▸ **Assignment**
Nothing but the lines from the one containing "まるで本物の唇に包み込まれな" to the end of the records that follow should be transcribed, each exactly, with the pictures left out.

* * * * * * *

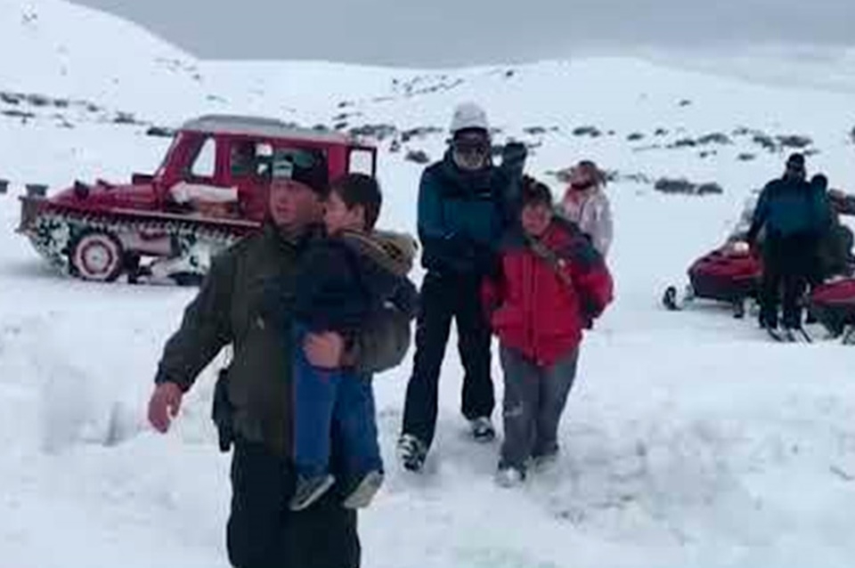 El rescate fue realizado en la Estancia La Madrugada, de donde la mujer, que se encontraba embarazada de ocho meses, y su pequeño hijo habían intentado salir en forma infructuosa en cinco oportunidades por la gran cantidad de nieve acumulada en la zona, informaron fuentes de la fuerza.
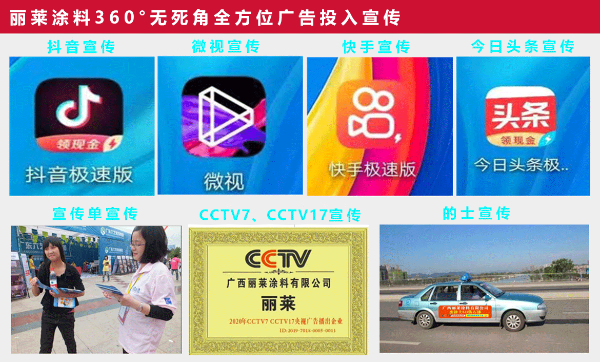 麗萊涂料持續(xù)投入數(shù)千萬(wàn)元,在央視、地方衛(wèi)視、報(bào)紙、雜志、戶外路牌等各大傳統(tǒng)媒體進(jìn)行不間斷的形象廣告宣傳,在全球知名的阿里巴巴、新浪、網(wǎng)易、搜狐、慧聰、鳳凰網(wǎng)、中國(guó)建材網(wǎng)等新媒體進(jìn)行全方位立體式傳播,關(guān)注健康生活,關(guān)注環(huán)保建設(shè),迅速提升品牌知名度和美譽(yù)度。
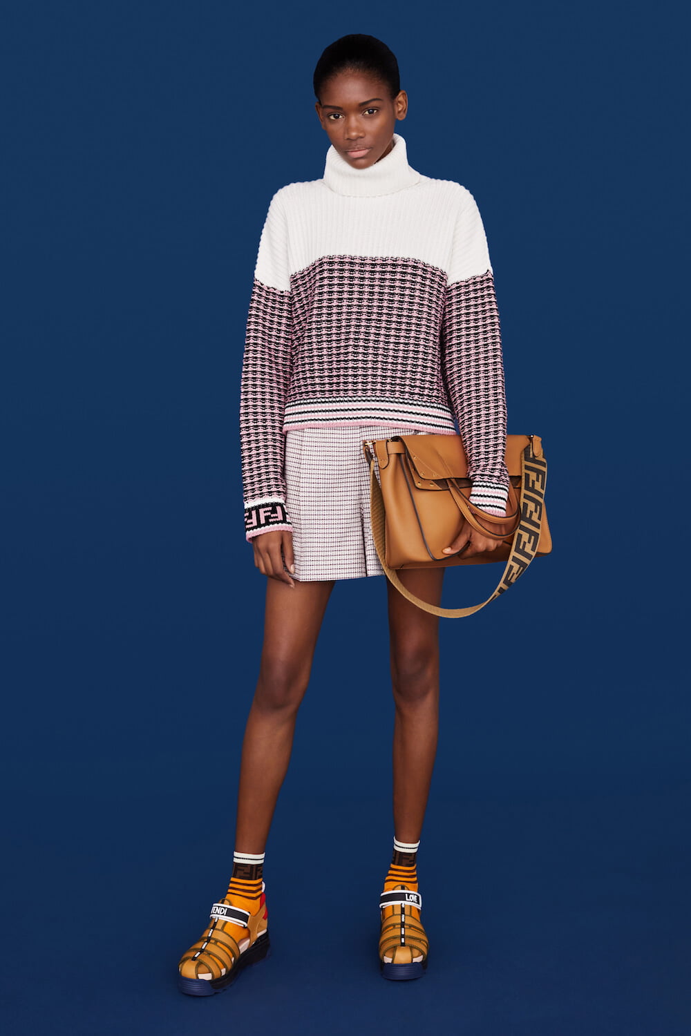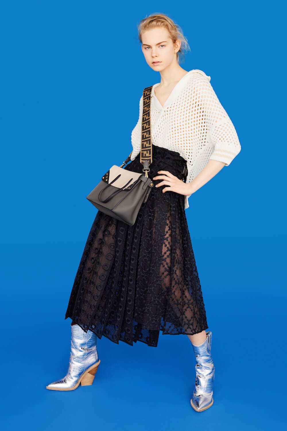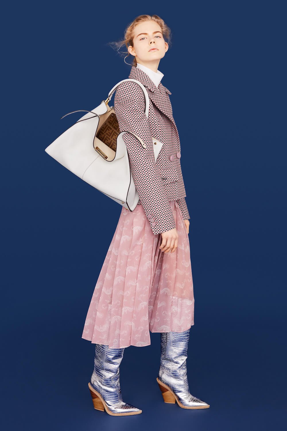 For big fashion houses like Fendi, Pre-Collections are the opportunity to take their big fashion ideas presented during fashion weeks and package them into a selection of more street-friendly, easy-to-wear pieces. And the Resort 2019 collection is no exception. An undeniably youthful Fendi DNA consisting of all-over FF prints (which in this case stands for both Fashion and Fendi), eye-catching knitwear and multicoloured furs is elevated yet again with a collection of accessories that make us drool- metallic silver cowboy boots, we’re looking at you. The bags are another instant hit – in addition to the classic Baguette and the whole Peekaboo family, for Resort 2019 Fendi is bringing you the Flip bag, a hybrid combining a clutch, a tote, and a messenger into a piece of luggage that is, much like this Fendi collection, both practical and fashionable. Obviously – our favourite version is the classic brown FF logo one. And when it comes to choosing favourites in the clothing department, everyone here at Ten Towers has got their eyes on something else. While Joel is on board with the blood orange & turquoise all-over logo twinset, Garth is loving the breeziness of the silky white bias-cut ruffle dress. Phoebe is already planning her post-pregnancy style with the studded black velvet gown in mind, and Richard has fallen in love with the double-stitched denim & chunky “nurse” sandal look. This is exactly what Fendi is about – there’s always something for everyone.
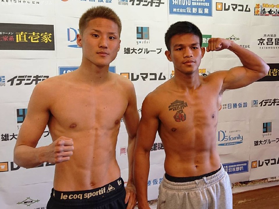 ここまで3戦全勝(3KO)の村地翼(22=駿河男児)は53.0kg契約8回戦でWBOアジアパシフィック・スーパーフライ級7位のレイモンド・タブゴン(28=比)と拳を交える。200gアンダーの52.8kgでクリアした村地は、「今年一発目の試合になるが飛躍の年にするので、明日はインパクトのあるKO勝ちで知名度を上げたい」とコメント。わずか4戦目でフィリピン人からランキングをもぎ取りに行く。一方、これが初来日のはタブゴンは600gアンダーの52.4kgで計量を終えた。
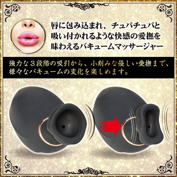 まるで本物の唇に包み込まれながらチュパチュパと吸い付かれるかのような愛撫感が味わえるバキュームマッサージャーです。強力な3段階もの吸引から小刻みで優しい愛撫まで、計8種類もの多彩なバキューム変化が味わえる贅沢仕様!それぞれ異なる感覚でチュパチュパと乳首やクリを刺激する快感は思わずクセになってしまうほど♪メディカルグレードのシリコン素材は肌触りも大変良く、持ちやすく膨らんだボディは長時間のプレイにも適しています。生活防水設計でUSB充電式(コード付属)!90分の充電時間で連続稼働は40分間お楽しみいただけます。
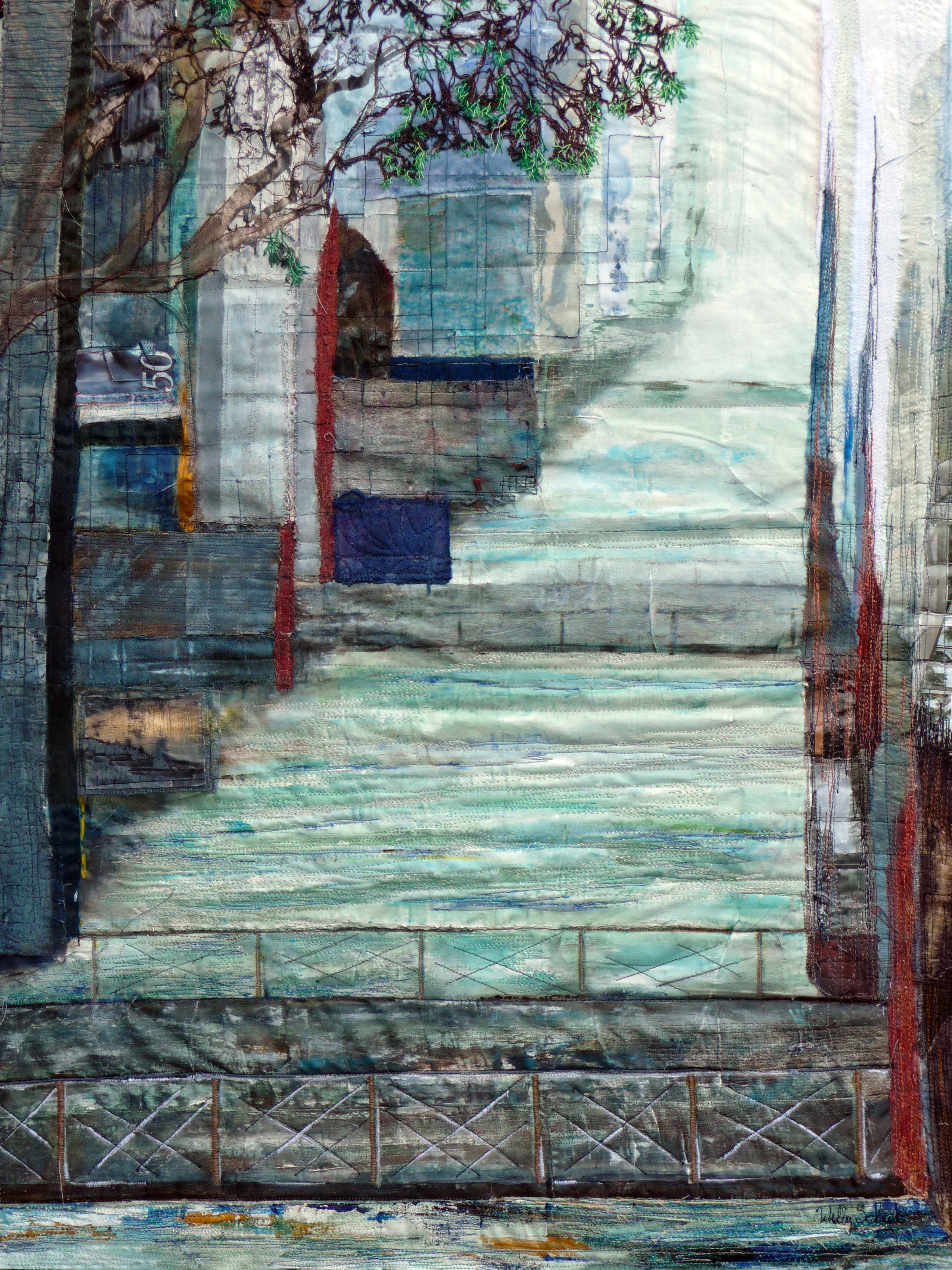 - Bridge over troubled water.-Impressionistisch stadsgezicht in gemengde techniek met o.a. machinaal borduurwerk, verf, papier en textiel.

* * * * * * *

▸ **Final answer**
 まるで本物の唇に包み込まれながらチュパチュパと吸い付かれるかのような愛撫感が味わえるバキュームマッサージャーです。強力な3段階もの吸引から小刻みで優しい愛撫まで、計8種類もの多彩なバキューム変化が味わえる贅沢仕様!それぞれ異なる感覚でチュパチュパと乳首やクリを刺激する快感は思わずクセになってしまうほど♪メディカルグレードのシリコン素材は肌触りも大変良く、持ちやすく膨らんだボディは長時間のプレイにも適しています。生活防水設計でUSB充電式(コード付属)!90分の充電時間で連続稼働は40分間お楽しみいただけます。
 - Bridge over troubled water.-Impressionistisch stadsgezicht in gemengde techniek met o.a. machinaal borduurwerk, verf, papier en textiel.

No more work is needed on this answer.